1.2.2. Pterygota Gegenbaur1878 (nom.hier.: Scarabaeus/fg5) Ephemeroptera Hyatt & Arms 189 (nom.hier.: Ephemera/fg1) Metapterygota Börner 1909 (nom.hier.: Scarabaeus/fg6) Odonata Fabricius 1793 (nom.hier.: Libellula/fg1) Neoptera Martynov 1923 (nom.hier.: Scarabaeus/fg7) Plesiomorphon Polyneoptera Martynov 1923 (nom.hier.: Gryllus/f1=Forficula/g1) Eumetabola Hennig 1953 (nom.hier.: Scarabaeus/fg8) Metabola Burmeister 1832 (nom.hier.: Scarabaeus/fg9) Parametabola Crampton 1938 (nom.hier.: Cimex/f1=Cicada/g1) Zoraptera Silvestri 1913 (nom.hier.: Zorotypus/fg1) Acercaria Börner 1904 (nom.hier.: Cimex/f2=Cicada/g2) Panpsocoptera Crampton 1938 (nom.hier.: Psocus/f1=Pediculus/g1) Condylognatha Börner 1904 (nom.hier.: Cimex/f3=Cicada/g3) Thysanoptera Haliday 1836 (nom.hier.: Thrips/fg1) Arthroidignatha Spinola 1850 (nom.hier.: Cimex/f4=Cicada/g4) Hemelytrata Fallen 1829 (nom.hier.: Cimex/f5=Cicada/g5) Plantisuga Dumeril 1806 (nom.hier.: Aphis/fg1) Psyllaleyroda Kluge 2010 (nom.hier.: Psylla/fg1 Saltipedes Amyot & Serville 1843 (nom.hier.: Psylla/fg2) Scytinelytra Amyot & Serville 1843 (nom.hier.: Aleyrodes/fg1) Aphidococca Kluge 2010 (nom.hier.: Aphis/fg2) Gynaptera Laporte 1834 (nom.hier.: Aphis/fg3) Gallinsecta De Geer 1776 (nom.hier.: Coccus/fg1)


The abbreviation “nom. hier.” designates here the typified rank-free hierarchical name (nomen hierarchicum) of the same taxon for which the non-typified rank-free circumscriptional name (nomen circumscribens) is provided. The statuses of the names used in this classification were discussed earlier (Kluge, 2010c, 2010d). 

For the purpose of adequate description of metamorphosis, some new Latin terms had to be introduced (Kluge 2010d) in addition to such common terms as “first instar larva,” “second instar larva,” “second instar nymph,” etc. and the corresponding abbreviations “L1,” “L2,” “N2.” Each term is a single compound word: primolarva, secundolarva, secundonympha, etc. The processes of transformation during molt from one instar to another can be described using adjectives derived from these terms: primolarval, secundolarval, etc. Since the terms “larva” and “nymph” do not have universally accepted definitions, the instars should always be named with continuous numbering: for example, if the first two instars are commonly referred to as larval, and others as nymphal, then the secundolarva will be followed by the tertionympha (and not by the primonympha).

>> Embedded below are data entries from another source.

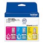 The Brother BTD180 Ink Cartridge Value Pack Assorted provides a complete set of ink bottles for vibrant and reliable printing - It includes Cyan, Magenta, Yellow, and Black bottles, delivering high-quality results for both documents and images
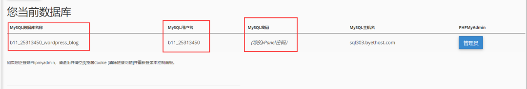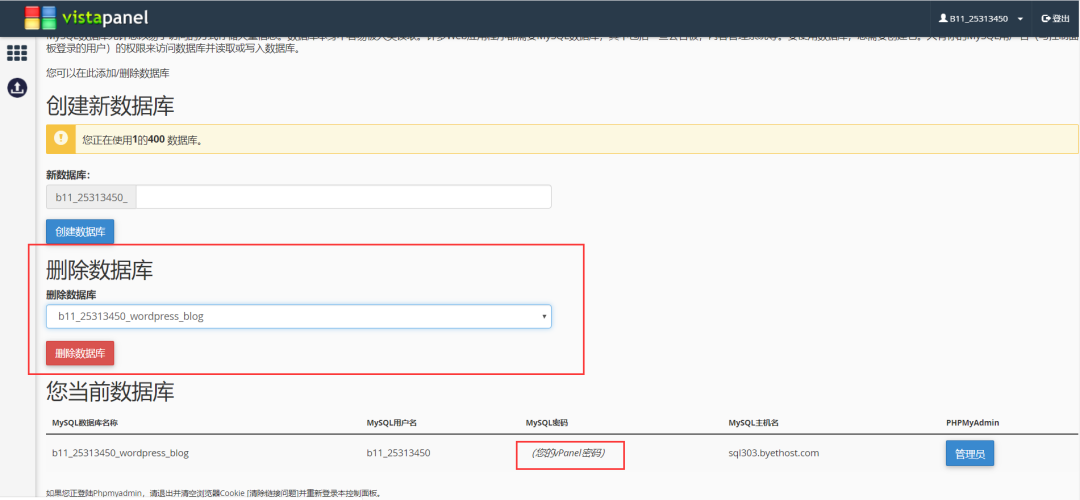 然后我们看到数据库已经建立好啦,密码啥的都在邮件里面,大家一定记住啦
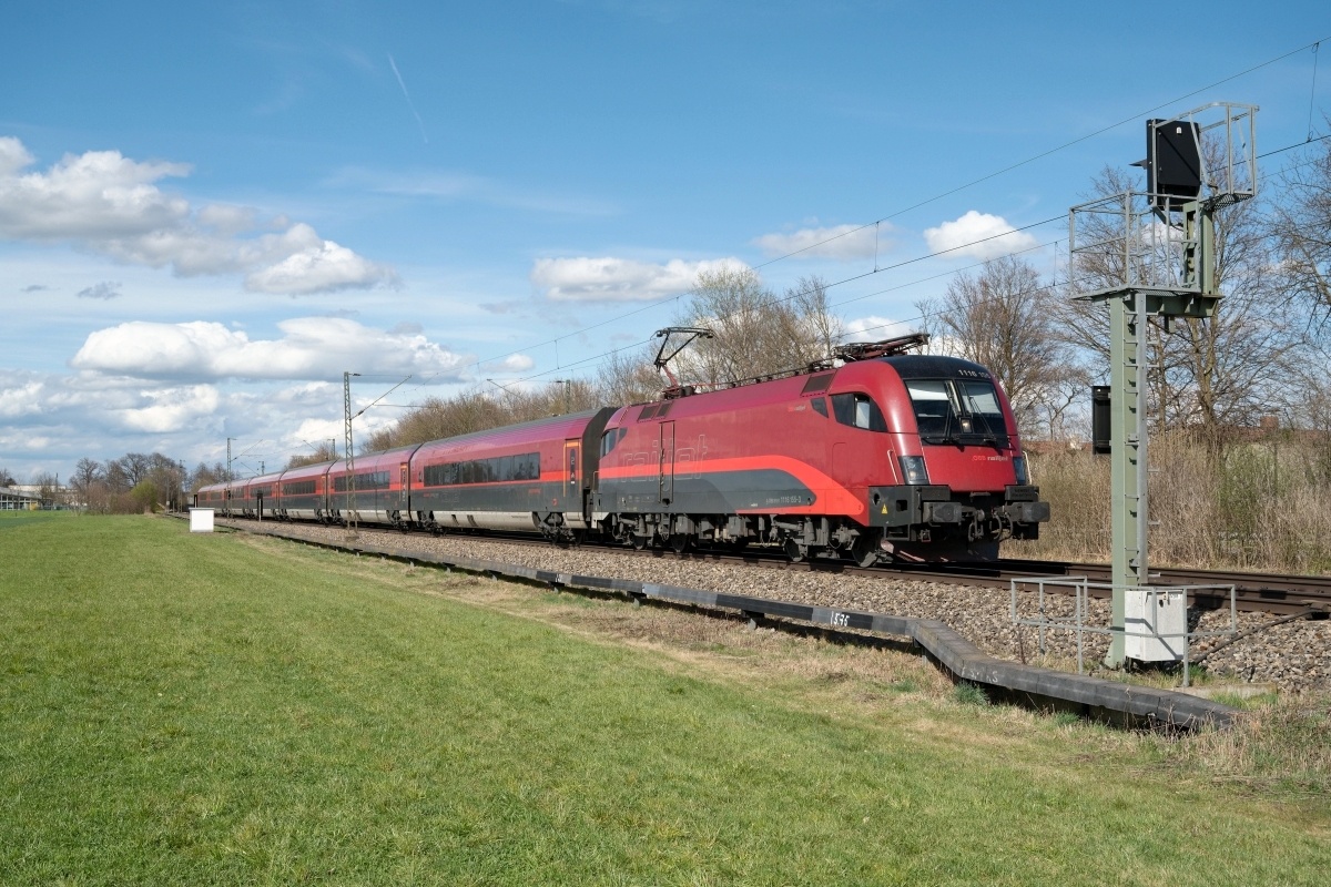 Dto. 1116 122-3 am 07.04.2018. Hier passierte die Lok Harrbach im Maintal
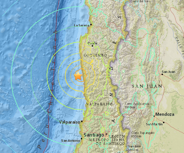中新网9月17日电 据美国地质勘探局消息,北京时间17日6时54分左右,智利西部海岸发生8.3级地震,或将引发危险海啸。

Since the last two instars tend to be more stable, they can be designated by the terms ultimonympha and penultimonympha, or the parallel terms ultimolarva and penultimolarva. To maintain uniform and continuous numbering, the last instar larva of insects with complete metamorphosis should be called “penultimolarva”; the terms “ultimolarva” and “ultimonympha” should not be used in this case because the last preimaginal instar is commonly referred to as pupa. 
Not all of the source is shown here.